Но мы пойдем немного далее и скажем, что природу следует изображать такою, какою она является человеку, умеющему ее видеть. В этом заключается большое ограничение, но и возвышается самая задача искусства. Не простаков должны мы обманывать, мы должны обманывать умных! Вот, например, современный итальянский рисунок, изображающий святую Цецилию со всем возможным совершенством блестящей реалистической манеры. Недостаток рисунка не в искреннем стремлении изобразить святую Цецилию в ее обычном виде, а в том, что он может удовлетворить только человека, не знающего, каков был обычный вид святой Цецилии. Трудность подражания действительности так сильно увеличивается необходимостью обращаться к тем, кто понимает ее, что имеет на то лишь заурядные средства и материалы, мы должны оставить всякие попытки к достижению полного сходства и удовлетворяться изображениями не полными, но верными в своей неполноте; должны предоставлять зрителю добавить остальное своим воображением и довольствоваться степенью сходства, неудовлетворительной ни для нас, ни для него. Вот, например, рисунок сэра Джошуа Рейнольдса, изображающий английского судью; это лишь намек, он требует всей фантазии очень опытного зрителя, не только для того, чтобы понять его смысл, но даже для того, чтобы догадаться, что такое подразумевал художник. А все-таки этот рисунок гораздо выше, чем итальянская святая Цецилия, так как Рейнольдс действительно знает, какой вид должен иметь английский судья, и, несмотря на крайне неполное выражение своего знания, очевидно, обращается к суду людей, разделяющих его.

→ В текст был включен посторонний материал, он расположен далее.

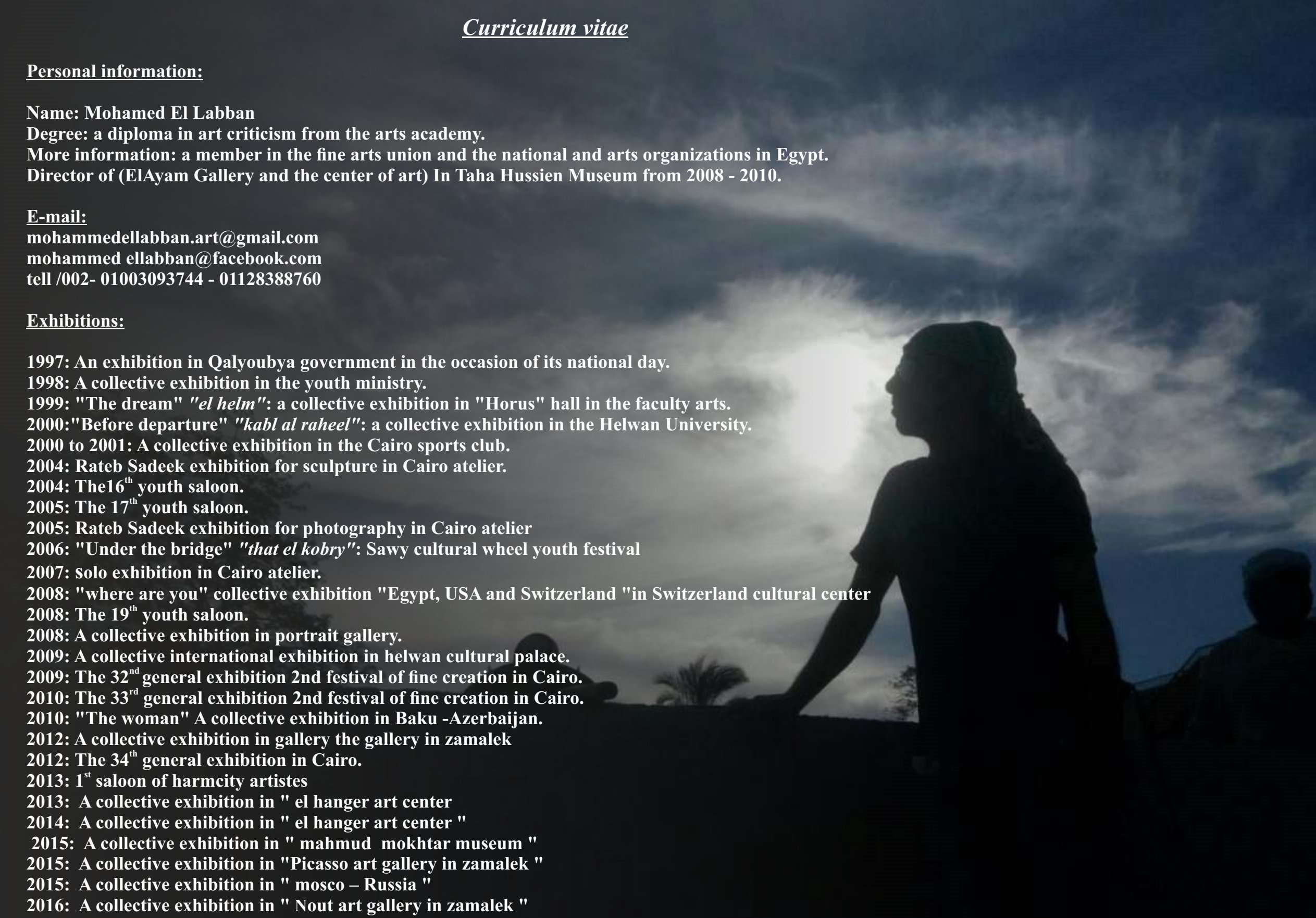 More information: a member in the fine arts union and the national and arts organizations in Egypt.

Следовательно, для живописи существуют два возможные предела достижения истины; один – первоначальный, когда она каким бы то ни было неполным или несовершенным образом дает намек на свою идею, предоставляя вам самим дополнить его; другой – высший, когда она дает полное изображение и ничего не предоставляет вашей фантазии, когда она производит то же впечатление присутствия и обладания предметом, какое производит действительность. Как пример первой степени истины возьмем хотя бы вот изображение радуги[7]. Художник отлично знает, что черными точками гравюры он не может обмануть вас и заставить подумать, что вы видите настоящую радугу, но он достаточно ясно выражает свое намерение и дает вам возможность дополнить недостающее, конечно, в том случае, если вы знаете заранее, какой вид имеет радуга. А вот вам изображение водопада Терни[8]: художник напряг все свои силы, чтобы дать иллюзию настоящей радуги, горящей и потухающей в брызгах. Если он не вполне обманывает вас, так это не по недостатку желания вас обмануть, а потому что его красок и искусства не хватило для этого. Впрочем, их не хватило так мало, что при хорошем освещении вы почти верите, что перед вами в самом деле солнце переливается в брызгах.

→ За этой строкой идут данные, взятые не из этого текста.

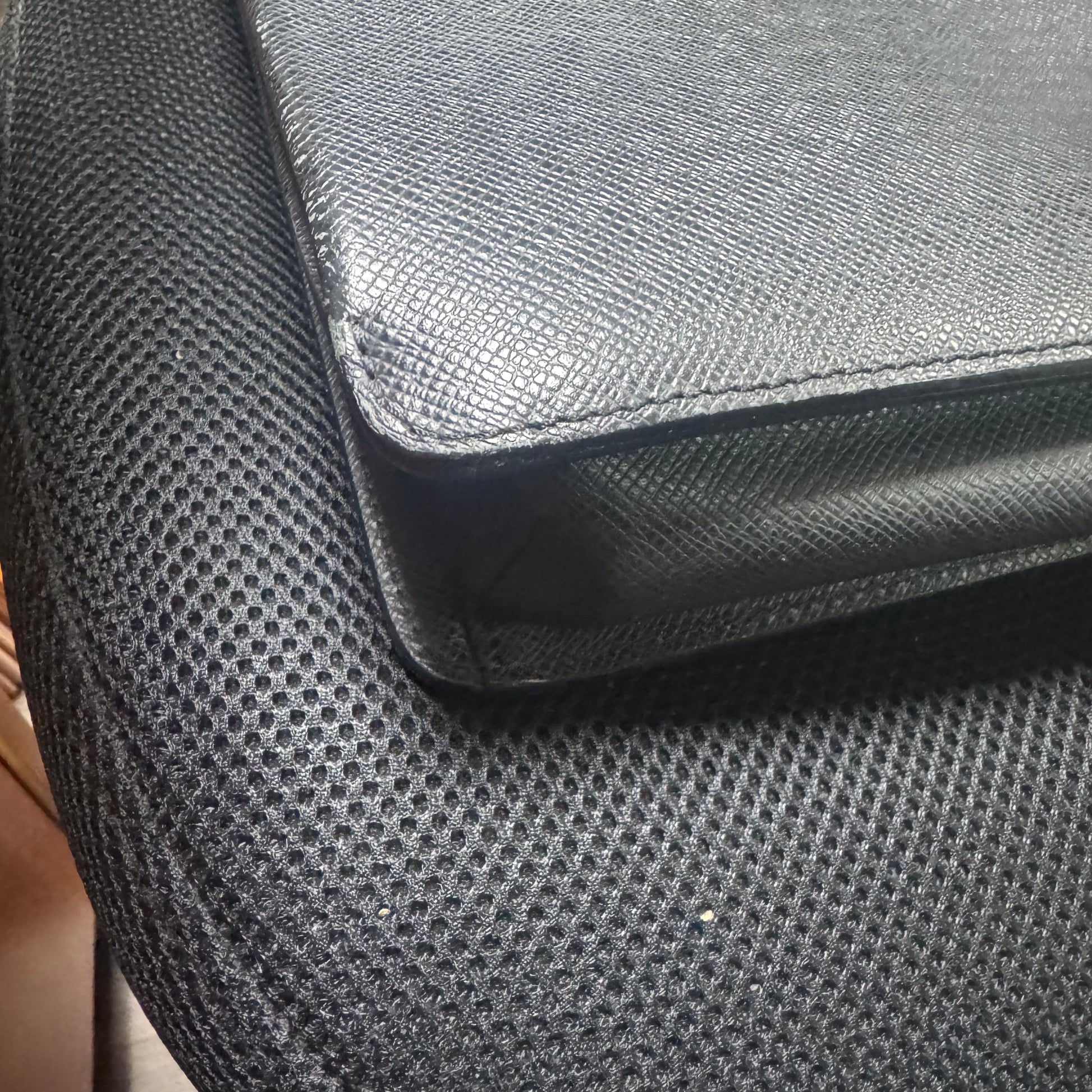 - Condition: Pre-owned, good condition with visible wear; exterior fabric and hardware show scratches, and corners have some scuffing.

Посмотрите еще немного, и вам станет жаль, что это не «в самом деле» вы почувствуете, что как ни хороша картина, а лучше бы было видеть в действительности изображенную в ней местность, прыгающих по скалам коз и пену, качающуюся на волнах. Это истинный признак величайшего искусства, оно добровольно отказывается от своего величия, унижается и прячется, но так превозносит и выставляет вперед вдохновившую его действительность, что действительность эта становится вам нужнее картины. Пока вы не начали презирать великое произведение искусства, вы недостаточно полюбили его. Высшей похвалой фидиевской Афине было бы желание увидеть живую богиню; прекраснейшие мадонны христианского искусства не выполняют своей задачи, если при виде их человек не исполняется сердечной тоской по живой Марии Деве.
ПОДРАЖАНИЕ. – Среди источников удовольствия, которое доставляет нам произведение искусства, есть один совершенно отличный от всех прочих; всего вернее и точнее он определяется словом «подражание». В отвлеченных рассуждениях подражание постоянно смешивается с другими свойствами, привлекающими нас в искусстве, в сущности же оно не имеет с ними ничего общего; отсюда происходит постоянная путаница и недоразумения относительно его значения.
Я бы желал точно выяснить причину этого особого рода удовольствия и только в таком смысле буду употреблять слово «подражание».
Когда мы видим между двумя предметами, совершенно различными, такое сходство, что их трудно отличить друг от друга, когда предмет нам кажется совсем не тем, что он есть на деле, мы испытываем совершенно такое же приятное удивление и радостное волнение, какое доставляет нам фокус. Когда такое впечатление вызывается в нас произведением искусства, т. е. когда произведение это кажется нам совсем не тем, чем мы его знаем, – вот что я называю впечатлением подражания.
Почему впечатление это приятно – не входит в предмет нашего исследования; но мы знаем, что умеренное удивление действует приятно на животную природу всякого человека и что удивление это всего легче возбуждается, когда что-нибудь оказывается совсем не тем, за что его принимали.
Для полноты такого рода удовольствия необходимы два условия: во-первых, чтобы существование обмана возможно было тотчас доказать. Главная задача подражания и главный источник удовольствия, которое оно нам доставляет, заключается в противоречии наших чувств, когда одно чувство вполне ясно утверждает то, что также ясно отрицается другим; зрение утверждает, что данная вещь круглая, а осязание – что она плоская. Нигде это не достигается в таком совершенстве, как в живописи; гладкая поверхность кажется шершавой, выпуклой, волосами, бархатом и т. д.; точно так же и в восковых фигурах – непосредственное свидетельство чувств постоянно противоречит опыту.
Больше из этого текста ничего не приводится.